2025-03-06 10:31:39 -05:00 · 2017-05-09 19:49:23 -07:00 · 2017-05-09 19:49:23 -07:00 · b4788ae518
commit b4788ae518
parent 118fac5619
2 changed files with 67 additions and 36 deletions
--- a/python/ray/actor.py
+++ b/python/ray/actor.py
@ -20,6 +20,10 @@ def random_actor_id():
  return ray.local_scheduler.ObjectID(random_string())


+def random_actor_class_id():
+  return random_string()
+
+
 def get_actor_method_function_id(attr):
  """Get the function ID corresponding to an actor method.

@ -36,15 +40,19 @@ def get_actor_method_function_id(attr):
  return ray.local_scheduler.ObjectID(function_id)

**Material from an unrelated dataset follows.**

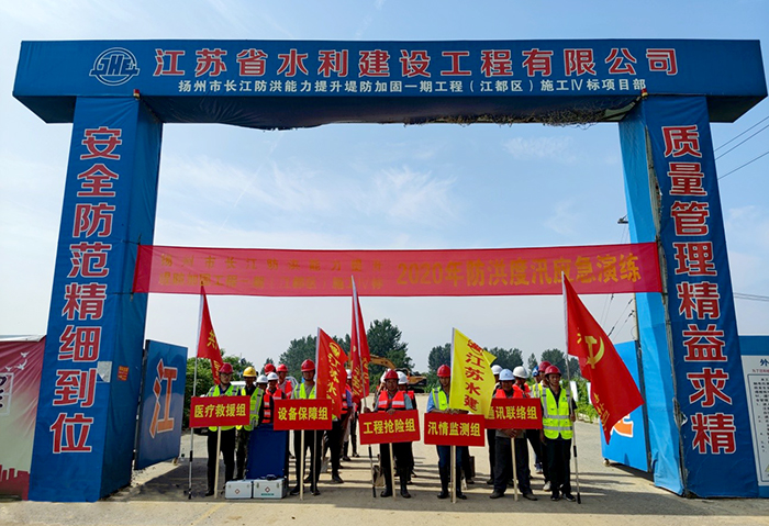 716,公司基础工程分公司承建的扬州市长江防洪能力提升堤防加固一期工程(江都区)施工Ⅳ标、施工Ⅴ标及扬州市长江防洪能力提升堤防加固二期工程(江都区)施工Ⅱ标项目共同在圣容涵东侧江堤开展了防洪应急演练活动。项目部管理人员及各作业班组共计40人参加了演练活动。

-def fetch_and_register_actor(key, worker):
-  """Import an actor."""
-  (driver_id, actor_id_str, actor_name,
-   module, pickled_class, assigned_gpu_ids,
-   actor_method_names) = worker.redis_client.hmget(
-       key, ["driver_id", "actor_id", "name", "module", "class", "gpu_ids",
-             "actor_method_names"])
-  actor_id = ray.local_scheduler.ObjectID(actor_id_str)
-  actor_name = actor_name.decode("ascii")
+def fetch_and_register_actor(actor_class_key, worker):
+  """Import an actor.
+
+  This will be called by the worker's import thread when the worker receives
+  the actor_class export, assuming that the worker is an actor for that class.
+  """
+  actor_id_str = worker.actor_id
+  (driver_id, class_id, class_name,
+   module, pickled_class, actor_method_names) = worker.redis_client.hmget(
+       actor_class_key, ["driver_id", "class_id", "class_name", "module",
+                         "class", "actor_method_names"])
+
+  actor_name = class_name.decode("ascii")
  module = module.decode("ascii")
  actor_method_names = json.loads(actor_method_names.decode("ascii"))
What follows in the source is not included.